Ativação de apps de banco. Apps bancários são vinculados ao dispositivo por segurança. Quando você instala o app de banco no celular novo, não é só logar: você precisa passar por um processo de ativação que pode exigir senha, código SMS, biometria e, em alguns casos, ligar para o banco. Isso não é problema, mas precisa ser planejado.

Progresso de jogos. Jogos que não usam conta do Google Play Games ou Apple Game Center salvam progresso só localmente. Trocar de celular significa perder esse progresso, sem recuperação possível.

Configurações de apps específicos. Filtros, preferências, listas personalizadas, notificações configuradas individualmente: tudo isso fica no aparelho. Não é tragédia, mas é tempo que você vai gastar reconfigurando.

Documentos e arquivos locais. Fotos baixadas de conversas de WhatsApp que não estão no rolo da câmera, arquivos de PDF que vieram por e-mail e ficaram salvos localmente, anotações em apps que não sincronizam com nuvem: tudo isso fica no aparelho e precisa ser transferido manualmente.

Antes de começar: o inventário do que precisa ser transferido

Antes de qualquer ação técnica, faça o inventário. Percorra mentalmente, ou literalmente abrindo cada app, tudo que você usa no celular e classifique por categoria. A tabela abaixo é o ponto de partida.

Categoria Onde fica Backup automático? O que fazer
Fotos e vídeos Google Fotos ou iCloud Fotos Sim, se sincronização ativa Verificar se 100% sincronizou
WhatsApp Google Drive ou iCloud Parcial (depende de configuração) Ativar backup e aguardar conclusão
Contatos Google Contacts ou iCloud Sim, se conta configurada Confirmar sincronização ativa
E-mails Servidor (Gmail, Outlook etc.) Sim (estão na nuvem) Só fazer login no celular novo
Calendário Google Calendar ou iCloud Sim Só fazer login no celular novo
Autenticadores 2FA Só no aparelho (por padrão) NÃO Migrar manualmente antes de trocar
Apps de banco Vinculados ao dispositivo NÃO Planejar reativação no celular novo
Senhas Gerenciador de senhas ou navegador Depende do app Confirmar sincronização ou exportar
Documentos locais Armazenamento interno NÃO Transferir manualmente via cabo ou nuvem
Progresso de jogos Servidor ou local Depende do jogo Verificar se o jogo usa conta

O que separa uma troca tranquila de uma troca estressante é exatamente essa etapa. As pessoas pulam o inventário porque parece burocrático, e depois descobrem o que estava faltando na hora errada.
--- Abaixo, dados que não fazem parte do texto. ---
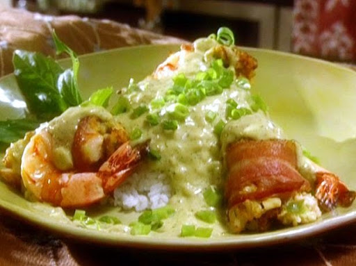 Split shrimp down the bottom center to tail, being careful not to cut through. Stuff each shrimp with crabmeat mixture. Wrap shrimp in bacon and secure with a toothpick. Place on a baking pan and cook at 350 degrees until bacon is crisp and shrimp are pink, about 15 to 20 minutes.

Mapa mental com todas as categorias de dados para transferir ao trocar de celular: WhatsApp, fotos, autenticadores 2FA e apps de banco

Backup no Android: o que o Google salva e o que você cuida manualmente

O Google tem um sistema de backup robusto, mas não é completo. Antes de assumir que está seguro, vale entender o que entra no backup automático e o que fica de fora.
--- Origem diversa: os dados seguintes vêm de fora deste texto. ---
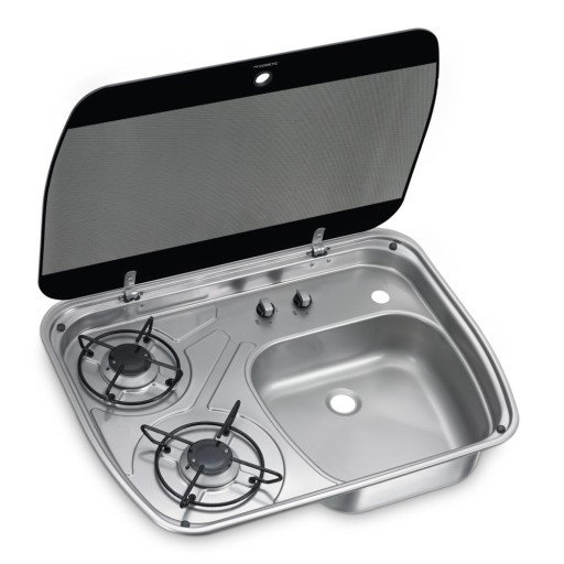 Zlew z kuchenką gazową oraz pokrywą wykonaną z bezpiecznego żaroodpornego szkła. Zestaw posiada odłączane podpórki na naczynia, nasadki palnika oraz zawory odcinające dopływ gazu w przypadku zalania lub zdmuchnięcia płomienia. Zestaw zawiera syfon i gumowy korek. Krany do nabycia osobno (również w naszej ofercie).
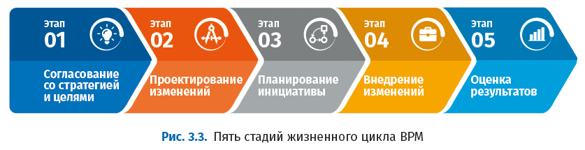 Большинство вариантов жизненного цикла BPM включают следующие стадии:

O que o backup do Google cobre:

  • Contatos salvos na conta Google
  • Histórico de chamadas
  • Configurações do dispositivo (Wi-Fi, plano de fundo, acessibilidade)
  • Lista de apps instalados (não os dados de cada um)
  • SMS e MMS em alguns modelos
  • Dados de apps que optaram pelo backup do Google

O que o backup do Google não cobre:

  • Fotos não sincronizadas com o Google Fotos
  • WhatsApp (tem backup próprio, separado)
  • Dados de apps que não ativaram suporte ao backup do Google
  • Arquivos e documentos locais
  • Autenticadores de duas etapas
  • Ativação de apps de banco

Para verificar se o backup está ativo e atualizado: Ajustes > Google > Backup. Confirme a data da última sincronização. Se o backup não aconteceu há mais de um dia, conecte ao Wi-Fi e aguarde antes de continuar.

Uma coisa que pouca gente verifica antes de trocar: se as fotos realmente sincronizaram com o Google Fotos. Abra o app e veja se aparece alguma mensagem de “sincronizando” ou “X fotos aguardando”. Fotos na fila não vão junto para o celular novo. Conecte ao Wi-Fi e aguarde a conclusão antes de qualquer outra coisa. Se o armazenamento do Google estiver cheio, o backup para silenciosamente, e isso é mais comum do que parece. Antes de qualquer troca, vale também liberar espaço e memória no celular antigo para garantir que o processo de backup rode sem travamentos.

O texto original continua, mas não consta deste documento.